The Windows agent is distributed as a Windows Installer package (MSI) and can be downloaded from the Microsoft Download Center. After installing the Connected Machine agent for Windows, the following system-wide configuration changes are applied.

  • The following installation folders are created during setup.

    Directory Description
    %ProgramFiles%\AzureConnectedMachineAgent azcmagent CLI and instance metadata service executables.
    %ProgramFiles%\AzureConnectedMachineAgent\ExtensionService\GC Extension service executables.
    %ProgramFiles%\AzureConnectedMachineAgent\GuestConfig\GC Guest configuration (policy) service executables.
    %ProgramData%\AzureConnectedMachineAgent Configuration, log and identity token files for azcmagent CLI and instance metadata service.
    %ProgramData%\GuestConfig Extension package downloads, guest configuration (policy) definition downloads, and logs for the extension and guest configuration services.
    %SYSTEMDRIVE%\packages Extension package executables
  • The following Windows services are created on the target machine during installation of the agent.

    Service name Display name Process name Description
    himds Azure Hybrid Instance Metadata Service himds Synchronizes metadata with Azure and hosts a local REST API for extensions and applications to access the metadata and request Azure Active Directory managed identity tokens
    GCArcService Guest configuration Arc Service gc_service Audits and enforces Azure guest configuration policies on the machine.
    ExtensionService Guest configuration Extension Service gc_service Installs, updates, and manages extensions on the machine.
  • The following virtual service account is created during agent installation.

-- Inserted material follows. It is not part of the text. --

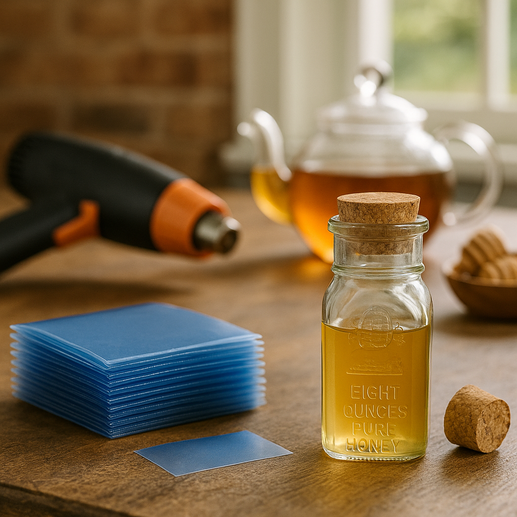 - Apply the shrink band over the neck and closure of the bottle or jar.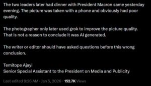 He explained that the Image was real, and was taken during a meeting in Paris between President Tinubu and the Rwandan president. H further explained that the AI tool was only used to enhance the quality of the image.

    Virtual Account Description
    NT SERVICE\himds Unprivileged account used to run the Hybrid Instance Metadata Service.

    Tip

    This account requires the "Log on as a service" right. This right is automatically granted during agent installation, but if your organization configures user rights assignments with Group Policy, you may need to adjust your Group Policy Object to grant the right to "NT SERVICE\himds" or "NT SERVICE\ALL SERVICES" to allow the agent to function.

  • The following local security group is created during agent installation.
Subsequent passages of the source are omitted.